AstraZeneca (AZN) reported third-quarter 2011 core adjusted earnings of $1.71 per American Depositary Share (ADS), above the Zacks Consensus Estimate of $1.68 and the year-ago earnings of $1.50.
Earnings were driven by share repurchases, lower tax rate and lower net finance expense. Including one-time items, earnings came in at $2.56, up 140% (at constant exchange rates [CER]) year-over-year, benefiting from the Astra Tech sale.
AstraZeneca’s quarterly revenues slid 2% (at CER) year over year to $8.2 billion, owing to intense generic competition and government price interventions. However, revenues were in line with the Zacks Consensus Estimate. All growth rates mentioned below are on a year-on-year basis and at constant exchange rates.
Pricing pressure due to the US healthcare reform negatively impacted revenues by approximately 3.5%. US revenues remained flat in the third quarter of 2011. The RoW market saw a decline of 3%, primarily driven by a 15% slip in Western Europe, partly offset by a 7% increase in both Emerging Markets and Established Rest of World.
Generic competition impacted revenues by more than $350 million. The drugs facing generic competition include Nexium (down 16% to $1.09 billion), Arimidex (down 44% to $176 million), Seloken/Toprol-XL (down 4% to $273 million), Casodex (down 9% to $137 million) and Merrem (down 37% to $139 million).
The decline in revenues from these products more than offset the strong sales of Crestor (up 14% to $1.66 billion), Iressa (up 29% to $145 million), Seroquel XR (up 24% to $366 million), Symbicort (up 9% to $755 million) and Faslodex (up 57% to $139 million).
Brilinta sales were $13 million in the third quarter 2011 out of which $11 million was due to initial stocking in the US.
Among AstraZeneca’s six product franchises, revenues from three categories dwindled. While revenues from Gastrointestinal slipped 15%, Oncology and Infection and Other segments plunged 4% and 21%, respectively. The cardiovascular segment booked the highest growth at 9%, with the Inflammation and Neuroscience segments experiencing an upside of 4% and 2% respectively.
Other Details
AstraZeneca’s core gross margin increased 120 basis points (bps) to 80.4% in the third quarter of 2011. Gross margin in the third quarter 2010 was hit by intangible impairment charges.
Core selling, general and administrative (SG&A) expenses went down 2% to $2.4 billion, primarily due to operating efficiencies in established markets partially offset by US healthcare reform tax.
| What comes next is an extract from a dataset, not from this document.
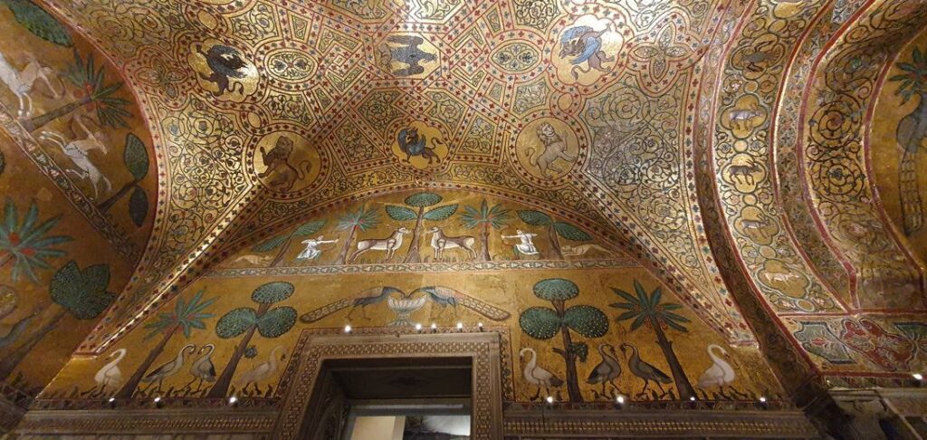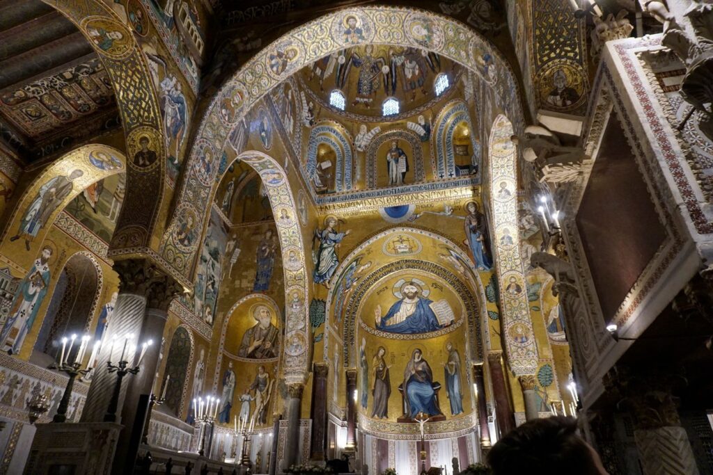 El día siguiente nos desplazamos en patinete hasta la Porta Nuova, anexa a El Palacio de los Normandos, actualmente sede del Parlamento Siciliano y uno de los puntos principales en la visita a Palermo. Su estructura irregular se debe a las transformaciones a lo largo de los siglos. Está catalogado como bien artístico-monumental de la arquitectura árabe-normanda que data de la época de la dominación normanda en la isla (1130-1194). Patrimonio de la Humanidad por la Unesco fue construido sobre los cimientos de un palacio árabe. En su interior se encuentra uno de los tesoros de Palermo: la Capilla Palatina, la capilla real de los reyes normandos. Una obra maestra de los musulmanes que en 1143 confeccionaron el extraordinario artesanado con figuras e inscripciones cúficas. Construida por Roger II en 1192 como la capilla real, se halla totalmente revestida de abrumadores mosaicos de fondo de oro. Un espacio que, sin ninguna entrada de luz natural, ostenta una gran luminosidad en las tres naves de las que dispone. La nave central se extiende entre columnas de mármol de diferentes colores y la cúpula alberga el espectacular Pantocrátor (representación de Cristo bendiciendo con la mano derecha). Disfrutamos incrédulas de los infinitos detalles de este impresionante espacio durante un buen rato. Una explosión de luz y color que deja boquiabierto.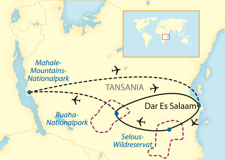 Sie reisen gern privat zu Ihrem Wunsch-Termin, möchten Safaris intensiv erleben und lieben die weniger besuchten, aber wildreichen Naturparks? Sie genießen den Komfort eines romantischen Safari-Camps mit persönlichem Service? Dann ist diese Privat reise zum Selous-Wildreservat und dem fast unberührten Ruaha-Nationalpark genau das Richtige für Sie! Im Kleinflugzeug erreichen Sie bequem die abgelegenen Natur paradiese und haben somit mehr Zeit für unvergessliche Safari-Momente. Haben Sie Lust, eine Nacht unter dem freien Sternenhimmel zu verbringen? Auf dieser Reise ist es möglich! Wer seine Reise noch verlängern möchte, dem empfehlen wir ein Schimpansen-Trekking im Mahale-Nationalpark.

During the quarter, core research and development (R&D) expenses amounted to $1.15 billion, reflecting an increase of 10%, due to investment in the late stage pipeline and biologics and marginally higher intangible asset impairment charges.
2011 Outlook Raised
AstraZeneca increased its 2011 earnings guidance range and now expects earnings to range between $7.20 and $7.40 per share (previous guidance range: $7.05-$7.35). The increase was primarily due to the positive impact of exchange rate movements. The Zacks Consensus Estimate for 2011 currently stands at $7.31, within the guidance range provided by the company.
Revenues for 2011 are expected to remain flat or experience a low single-digit decline compared with 2010 revenues at CER. Competition in the cardiovascular market will increase with the entry of generic versions of Pfizer’s (PFE) Lipitor later this year.
Meanwhile, AstraZeneca expects core gross margin for 2011 to be higher than the year-ago figure and projects core SG&A expenses to remain flat at CER.
During the first nine months 2011, AstraZeneca repurchased shares worth $3.88 billion. The company expects to purchase shares worth $5 billion in 2011 – we expect AstraZeneca to utilize the proceeds from the Astra Tech sale for this purpose.
Neutral on AstraZeneca
We currently have a Neutral recommendation on AstraZeneca, which carries a Zacks #3 Rank (short-term Hold rating). Even though we are encouraged by the strong cardiovascular franchise at AstraZeneca and the company’s focus on the high-potential emerging markets, we remain concerned about the generic competition faced by its key products.The company is looking to lessen the impact of genericization by reducing its cost structure. Meanwhile, the weak late-stage pipeline at AstraZeneca also bothers us. Consequently, we prefer to remain on the sidelines.